Wal-Mart Stores, Inc. (WMT) shares are trading at $57.46. Wal-Mart is a leading retailer of everything from food to clothes. The shares have traded in a range between $48.31 to $59.40 in the past 52 weeks. The 50-day moving average is $54.64 and the 200-day moving average is $53.23. Earnings estimates for WMT are $4.49 per share in 2011, and $4.91 for 2012. This stock pays a dividend of $1.46 per share which yields $2.5%. WMT shares were trading around $59 but dropped after earnings were released. Investors seemed to be disappointed that sales were not stronger and that dollar stores would continue to impact Wal-Mart. That trend could take time to play out, but the company is well managed and it should remain competitive. This stock was trading around $52 in early October so it's no bargain yet, but it would be if it trades back at recent lows soon and that is when it makes sense to buy.
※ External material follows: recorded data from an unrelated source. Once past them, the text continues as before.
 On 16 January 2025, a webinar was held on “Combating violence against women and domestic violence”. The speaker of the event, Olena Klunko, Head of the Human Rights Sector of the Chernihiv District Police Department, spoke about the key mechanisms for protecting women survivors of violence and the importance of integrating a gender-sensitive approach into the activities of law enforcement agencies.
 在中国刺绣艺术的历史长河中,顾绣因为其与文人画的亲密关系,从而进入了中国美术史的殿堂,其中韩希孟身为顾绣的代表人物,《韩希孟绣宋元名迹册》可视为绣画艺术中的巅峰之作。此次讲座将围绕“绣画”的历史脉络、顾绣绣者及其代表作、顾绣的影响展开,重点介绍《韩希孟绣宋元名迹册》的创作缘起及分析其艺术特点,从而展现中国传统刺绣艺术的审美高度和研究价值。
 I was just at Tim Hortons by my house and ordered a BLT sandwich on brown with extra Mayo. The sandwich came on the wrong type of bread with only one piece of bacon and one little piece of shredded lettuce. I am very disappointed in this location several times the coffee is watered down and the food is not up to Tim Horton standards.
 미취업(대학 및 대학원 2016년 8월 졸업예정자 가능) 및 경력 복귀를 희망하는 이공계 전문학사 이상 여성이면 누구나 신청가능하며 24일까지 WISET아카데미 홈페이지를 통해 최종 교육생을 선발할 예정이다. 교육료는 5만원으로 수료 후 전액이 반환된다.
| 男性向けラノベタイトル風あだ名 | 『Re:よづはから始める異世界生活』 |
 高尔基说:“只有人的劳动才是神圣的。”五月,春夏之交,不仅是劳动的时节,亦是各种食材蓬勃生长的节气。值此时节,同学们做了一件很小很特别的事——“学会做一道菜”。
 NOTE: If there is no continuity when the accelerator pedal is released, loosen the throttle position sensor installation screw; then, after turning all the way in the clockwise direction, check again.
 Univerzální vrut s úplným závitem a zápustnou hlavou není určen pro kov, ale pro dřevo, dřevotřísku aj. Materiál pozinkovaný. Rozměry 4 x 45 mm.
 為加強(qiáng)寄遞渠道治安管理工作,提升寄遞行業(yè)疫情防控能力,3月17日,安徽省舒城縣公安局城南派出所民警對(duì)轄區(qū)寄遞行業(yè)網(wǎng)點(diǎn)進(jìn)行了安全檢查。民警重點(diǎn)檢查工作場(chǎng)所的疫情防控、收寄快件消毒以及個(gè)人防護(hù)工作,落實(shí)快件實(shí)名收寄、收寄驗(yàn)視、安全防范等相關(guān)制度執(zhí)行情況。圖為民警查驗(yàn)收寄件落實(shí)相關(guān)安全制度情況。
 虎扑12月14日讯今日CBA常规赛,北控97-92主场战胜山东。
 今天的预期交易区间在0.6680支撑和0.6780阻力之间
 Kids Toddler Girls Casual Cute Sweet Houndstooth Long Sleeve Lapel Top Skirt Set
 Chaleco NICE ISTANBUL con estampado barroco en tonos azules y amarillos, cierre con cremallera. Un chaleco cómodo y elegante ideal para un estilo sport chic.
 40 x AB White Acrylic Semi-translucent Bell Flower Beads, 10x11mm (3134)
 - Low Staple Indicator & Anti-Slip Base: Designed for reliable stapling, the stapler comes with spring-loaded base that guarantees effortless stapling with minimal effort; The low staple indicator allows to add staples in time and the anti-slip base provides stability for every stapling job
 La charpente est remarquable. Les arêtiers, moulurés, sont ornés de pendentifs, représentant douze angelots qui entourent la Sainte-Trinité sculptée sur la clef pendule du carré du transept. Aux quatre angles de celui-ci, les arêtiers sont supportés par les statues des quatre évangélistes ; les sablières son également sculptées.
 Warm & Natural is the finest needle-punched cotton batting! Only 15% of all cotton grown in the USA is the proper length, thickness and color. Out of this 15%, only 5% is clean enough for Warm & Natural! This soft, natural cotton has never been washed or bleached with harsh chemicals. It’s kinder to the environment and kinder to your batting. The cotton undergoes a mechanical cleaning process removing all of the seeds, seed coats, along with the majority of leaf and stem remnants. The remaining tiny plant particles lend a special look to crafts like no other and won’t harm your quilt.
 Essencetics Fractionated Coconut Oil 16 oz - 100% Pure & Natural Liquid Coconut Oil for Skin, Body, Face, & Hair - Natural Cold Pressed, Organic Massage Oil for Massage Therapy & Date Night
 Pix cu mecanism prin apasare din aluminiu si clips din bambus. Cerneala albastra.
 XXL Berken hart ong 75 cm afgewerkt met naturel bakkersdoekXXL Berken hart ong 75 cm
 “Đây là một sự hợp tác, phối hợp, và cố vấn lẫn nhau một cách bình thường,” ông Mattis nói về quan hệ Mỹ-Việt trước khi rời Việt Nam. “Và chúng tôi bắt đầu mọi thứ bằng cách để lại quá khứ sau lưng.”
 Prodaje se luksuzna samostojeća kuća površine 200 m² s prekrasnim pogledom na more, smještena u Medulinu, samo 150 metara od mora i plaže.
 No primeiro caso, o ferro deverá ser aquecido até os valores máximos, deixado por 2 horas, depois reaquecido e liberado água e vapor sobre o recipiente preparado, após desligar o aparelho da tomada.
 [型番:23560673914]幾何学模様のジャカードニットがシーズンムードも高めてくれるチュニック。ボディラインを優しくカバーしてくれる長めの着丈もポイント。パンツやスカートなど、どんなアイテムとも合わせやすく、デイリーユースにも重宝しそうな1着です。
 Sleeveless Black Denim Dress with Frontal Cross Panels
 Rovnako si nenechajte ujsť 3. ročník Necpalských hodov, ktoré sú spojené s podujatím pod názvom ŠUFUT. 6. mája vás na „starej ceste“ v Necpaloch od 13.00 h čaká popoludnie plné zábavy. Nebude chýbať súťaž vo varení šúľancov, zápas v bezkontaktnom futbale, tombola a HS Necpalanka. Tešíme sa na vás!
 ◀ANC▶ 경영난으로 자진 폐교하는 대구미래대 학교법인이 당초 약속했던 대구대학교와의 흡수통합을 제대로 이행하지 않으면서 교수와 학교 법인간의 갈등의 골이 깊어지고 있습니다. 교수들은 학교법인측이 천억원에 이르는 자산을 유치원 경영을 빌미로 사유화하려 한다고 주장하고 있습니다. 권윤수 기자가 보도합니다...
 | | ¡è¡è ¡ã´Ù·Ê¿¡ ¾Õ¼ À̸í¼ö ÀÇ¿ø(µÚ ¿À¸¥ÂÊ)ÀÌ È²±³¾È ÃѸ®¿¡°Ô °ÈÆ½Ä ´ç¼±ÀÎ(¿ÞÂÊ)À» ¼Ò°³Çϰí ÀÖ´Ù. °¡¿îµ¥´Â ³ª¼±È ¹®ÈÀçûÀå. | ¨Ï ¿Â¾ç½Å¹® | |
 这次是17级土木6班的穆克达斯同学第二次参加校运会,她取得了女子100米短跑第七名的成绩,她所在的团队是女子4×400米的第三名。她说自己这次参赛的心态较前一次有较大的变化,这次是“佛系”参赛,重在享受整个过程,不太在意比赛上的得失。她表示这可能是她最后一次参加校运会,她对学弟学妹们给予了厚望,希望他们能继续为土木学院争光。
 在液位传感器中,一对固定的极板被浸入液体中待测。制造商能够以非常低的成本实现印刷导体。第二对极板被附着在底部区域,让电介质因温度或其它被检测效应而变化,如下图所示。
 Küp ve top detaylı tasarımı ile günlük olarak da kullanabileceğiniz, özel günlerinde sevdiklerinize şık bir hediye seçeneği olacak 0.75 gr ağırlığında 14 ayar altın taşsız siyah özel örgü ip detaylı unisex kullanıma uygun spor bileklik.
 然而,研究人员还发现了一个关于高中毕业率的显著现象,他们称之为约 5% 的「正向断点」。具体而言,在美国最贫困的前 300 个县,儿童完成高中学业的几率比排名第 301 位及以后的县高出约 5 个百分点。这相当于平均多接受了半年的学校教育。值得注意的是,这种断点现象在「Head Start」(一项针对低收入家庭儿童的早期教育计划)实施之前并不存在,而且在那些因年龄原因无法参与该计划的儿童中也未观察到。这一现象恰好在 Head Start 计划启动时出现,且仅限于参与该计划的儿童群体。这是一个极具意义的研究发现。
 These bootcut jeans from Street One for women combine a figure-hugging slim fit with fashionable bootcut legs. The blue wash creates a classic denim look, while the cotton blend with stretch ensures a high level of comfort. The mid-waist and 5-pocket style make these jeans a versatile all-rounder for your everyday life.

Motricity, Inc. (MOTR) shares are trading at $1.45. MOTR is a leading provider of mobile data solutions. These shares have a relative strength index of about 35 which indicates the shares are becoming oversold. The 50-day moving average is about $1.83 and the 200-day average is $8.05. The shares have traded in a range between $1.19 to $31.39 in the past 52 weeks. Motricity reported earnings which disappointed the market (again) as shares dropped from about $1.85 before earnings to current levels of around $1.45. Earnings estimates for MOTR are for a loss of 8 cents per share in 2011, and a 9 cent loss for 2012. This company and stock have been a huge disappointment for many investors and there is little doubt it will see plenty of tax-loss selling in the next few weeks. This could easily push the shares to 52 week lows around $1.19 or below. A buy around $1 per share might reward investors who hold this stock past January, when tax-loss selling will be over.
The data is sourced from Yahoo Finance. The information and data is believed to be accurate, but no guarantees or representations are made. Rougemont is not a registered investment advisor and does not provide specific investment advice. The information contained herein is for informational purposes.